Open-Sourcing the LinkedIn Gradle Plugin and DSL for Apache Hadoop

August 13, 2015

I'm proud to announce that the Hadoop Dev Team at LinkedIn has open-sourced the LinkedIn Gradle Plugin for Apache Hadoop ("Hadoop Plugin"), which includes the LinkedIn Gradle DSL for Apache Hadoop ("Hadoop DSL"). You can get the Hadoop Plugin on Github today!

A couple of years ago, LinkedIn adopted Gradle as our primary build system. With Gradle, developers can easily extend the build system by defining their own plugins. We developed the Hadoop Plugin to help our Hadoop application developers more effectively build, test and deploy Hadoop applications. The Plugin includes the Hadoop DSL, a domain-specific language for specifying jobs and workflows for Hadoop workflow managers like Azkaban and Apache Oozie.

In particular, the Hadoop Plugin includes tasks that will help you more easily work with a number of Hadoop application frameworks. Since no one tool is perfect for every kind of job, Hadoop jobs at LinkedIn are written using a number of different application frameworks. The Hadoop Plugin enables developers to organize their Hadoop projects in a consistent fashion regardless of the particular tool they choose for the job.

Long before the Hadoop Plugin, Hadoop developers at LinkedIn had realized that writing individual Hadoop jobs was only part of the challenge in using Hadoop effectively. Most data-driven features that appear on LinkedIn are actually generated by processing pipelines that may consist of dozens of individual Hadoop jobs chained together into workflows managed in Azkaban or Oozie.

Understanding the relationships between jobs in a workflow and managing the workflow specification files became a challenge in itself. For example, it takes hundreds of job files to specify some of the big data processing workflows we run at LinkedIn. It became enough of a problem that engineers at the company wrote several home-grown tools to make it easier to manage their workflows. Since these tools were written using a mix of Ant, Maven and Ruby, they prevented LinkedIn from completing its company-wide migration to Gradle, and over time became increasingly fragile and difficult to maintain.

To solve these problems, we developed the Hadoop DSL, which is included with the Hadoop Plugin. The Hadoop DSL is an embedded Groovy domain-specific language with natural syntactic constructs for specifying jobs and workflows for Hadoop workflow managers.

  • Since it's an embedded Groovy DSL, you can use Groovy (or Java) anywhere throughout the DSL!
  • Using the DSL shields you from some of the painful details of creating Azkaban or Oozie workflow files.
  • The DSL is statically compiled into job and workflow files at build time. Since it's statically compiled, it can be statically checked! The static checker will catch a number of common problems with your workflow files at build time, rather than running your Hadoop workflow only to have it to error out hours later.

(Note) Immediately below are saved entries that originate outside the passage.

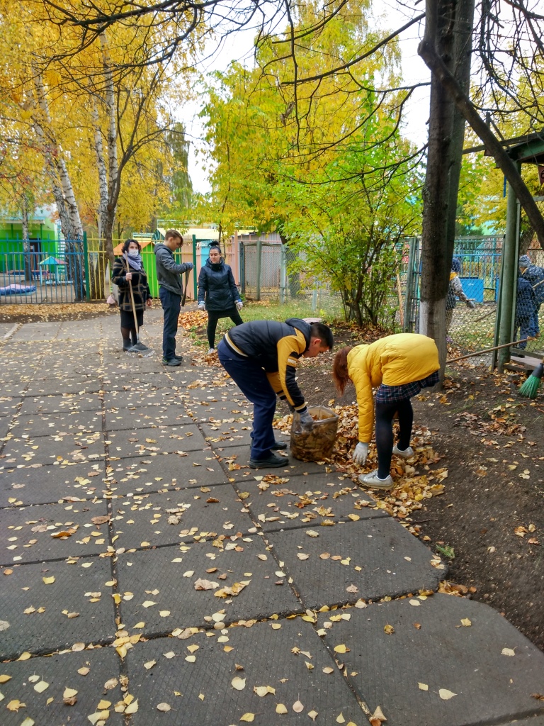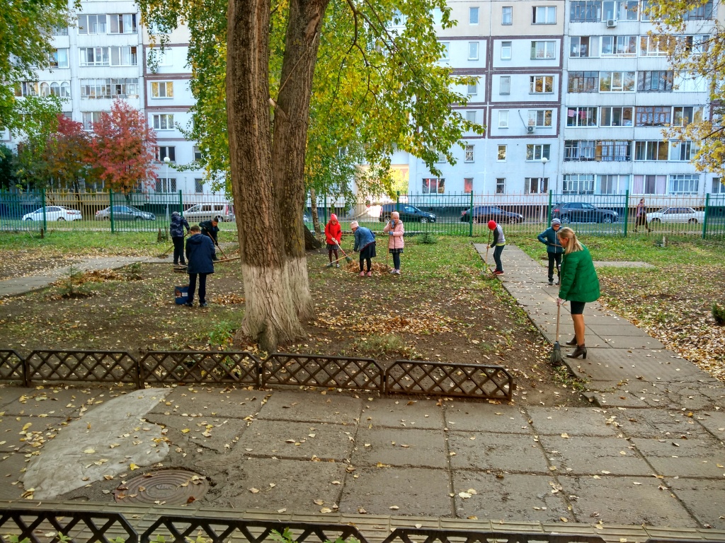 С началом октября работники школы, родители и учащиеся выходят на территорию школы и наводят порядок и чистоту.
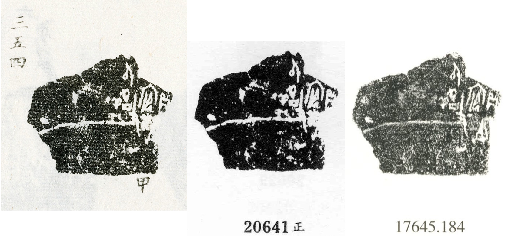 本版陽文對應的原片以往未被發現。據照片可知,對應陰文見於北圖455(《合》2916)。北圖455照片所見卜兆、裂紋亦反映在《上博》17645.184反面覆泥之上。
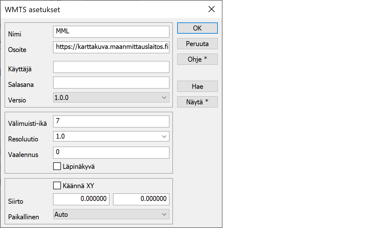 Paikallinen koordinaattijärjestelmä määrää käyttäjän koordinaattijärjestelmän. Oletuksena se on tyhjä jolloin käytetään suoraan palvelun koordinaattijärjestelmää. Muussa tapauksessa annettu alue muunnetaan haussa käyttäjän järjestelmästä palvelun järjestelmään ja palvelun palauttama tiedosto muunnetaan takaisin käyttäjän systeemiin. Auto-vaihtoehto yrittää arvata käyttäjän koordinaattijärjestelmän perustuen yleisten järjestelmien (KKJ, TM, GK) itäkoordinaatin arvoon.
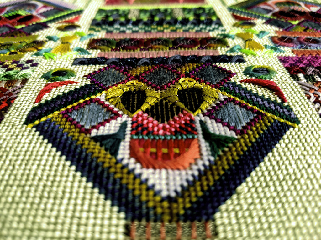 Orna recommends this project for intermediate stitchers and the ability to read charts is a must. This piece is stitched using more than 60 different threads, many of them being silk. The luscious threads have rich hues and they come to you from Gloriana (Princess Perle), Planet Earth, Access Commodities (Trebizond), Gumnuts (stranded silk), Stef Francis (stranded silk), Treenway Silks, and more! The colors are characteristic of Orna: bold and unique with dazzling combinations. Orna’s instruction guides are works of art in themselves. They are beautifully presented in color.
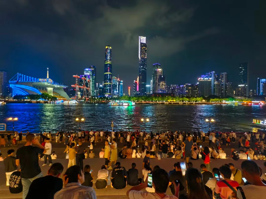 广州塔景区、新中轴线和珠江两岸灯光璀璨,
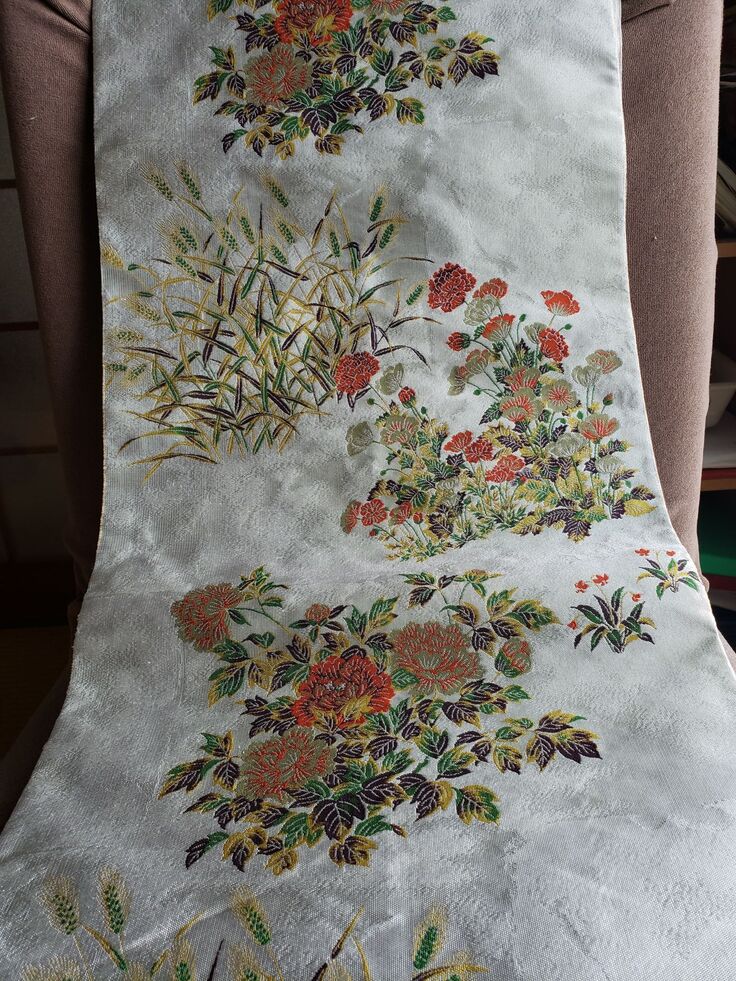 染めでもなく、刺繡でもなく、糸を織り込むだけで図柄を作っております。
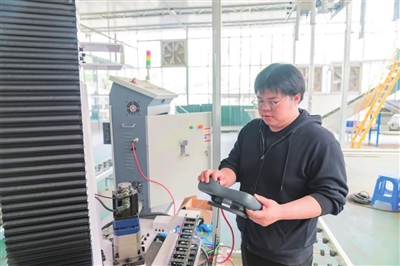 2024年,顾永豪在合作社里打造了一座现代化自动育秧工厂。一眼望去,看到的是由四条机械臂、一条流水线、一台洗盘机、一台水稻自动加种机和八台多层循环运动式育秧设备组成的复杂系统。每台育秧设备高5.5米,共10层,仅一台设备单次就可育秧1500盘,足够覆盖500多亩水稻田。“目前合作社稻田约500亩,只需一次育秧即可全部完成。”顾永豪说。经过一年多的摸索,他对于育秧工厂的流水线速率、内部温度湿度、灯光数据的调节以及机械臂的调试都更为精准、娴熟。“育秧周期缩短后,合作社每年能服务的水稻面积也能够增加到3000亩左右,这样就能为更多农户提供育秧服务。”
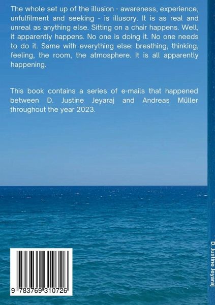 The whole set up of the illusion - awareness, experience, unfulfilment and seeking - is illusory. It is as real and unreal as anything else. Sitting on a chair happens. Well, it apparently happens. No one is doing it. No one needs to do it. Same with everything else: breathing, thinking, feeling, the room, the atmosphere. It is all apparently happening.  This book contains a series of e-mails that happened between D. Justine Jeyaraj and Andreas Müller throughout the year 2023.
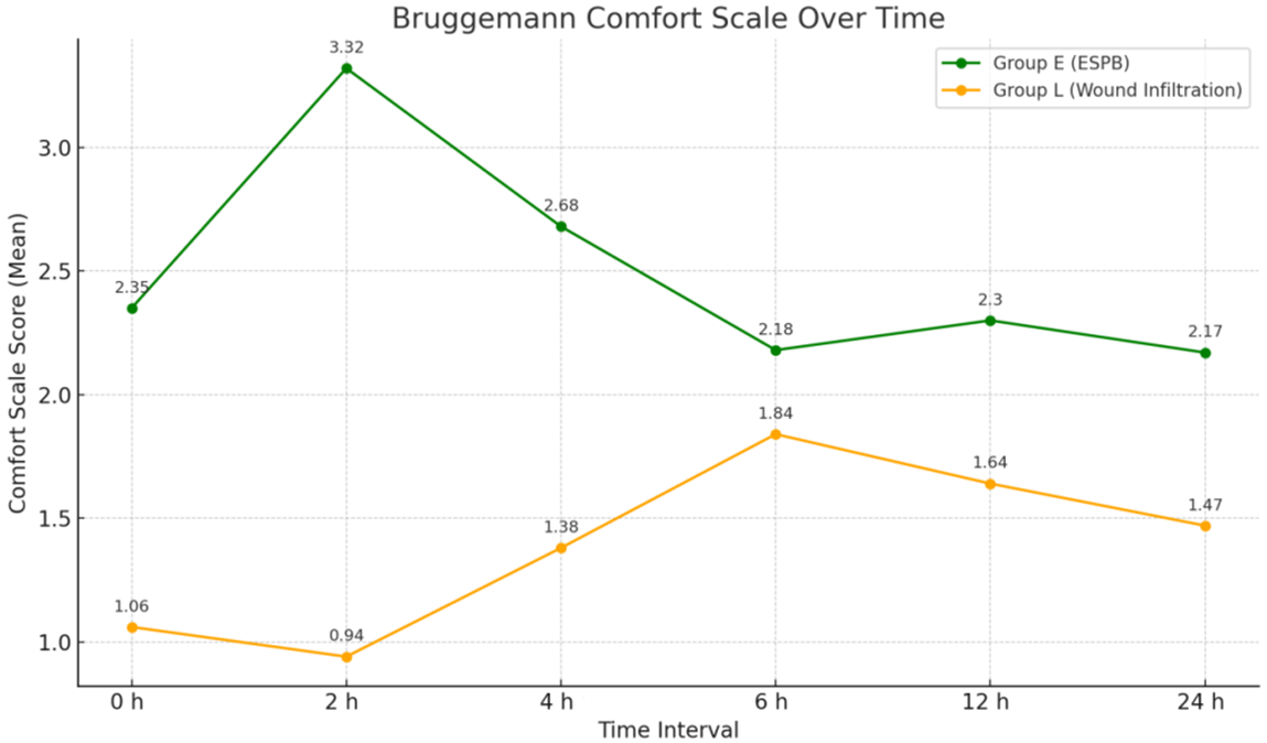 The ESPB group also showed a significantly higher level of patient comfort, evaluated through the Bruggemann Comfort Scale (BCS). At the 2-hour mark, Group E indicated a mean BCS of 3.32±1.01 compared to 0.94±0.63 in Group l (p<0.05). This pattern persisted across all assessed time points, suggesting that individuals in Group E attained greater comfort levels during the postoperative phase. Wang et al. [11] in 2021, evaluated postoperative comfort utilizing the Bruggemann Comfort Scale and found that ESPB consistently yielded higher BCS scores than TLIP and control groups from 6 to 48 h after surgery. This supports our results, as Group E (ESPB) indicated notably greater BCS scores at each time point with statistical significance of p-value of less than 0.05.

For a complete reference and to learn by example, take a look at the Hadoop DSL Language Reference.

The Hadoop Plugin and Hadoop DSL have been embraced as the standard way to develop Hadoop workflows at LinkedIn. If you are writing Hadoop jobs using Gradle as your build system, you should definitely consider using the Hadoop Plugin! It will save you time and energy in developing your Hadoop workflows.

We welcome contributions of all kinds including pull requests, bug reports, documentation enhancements and ideas or feedback!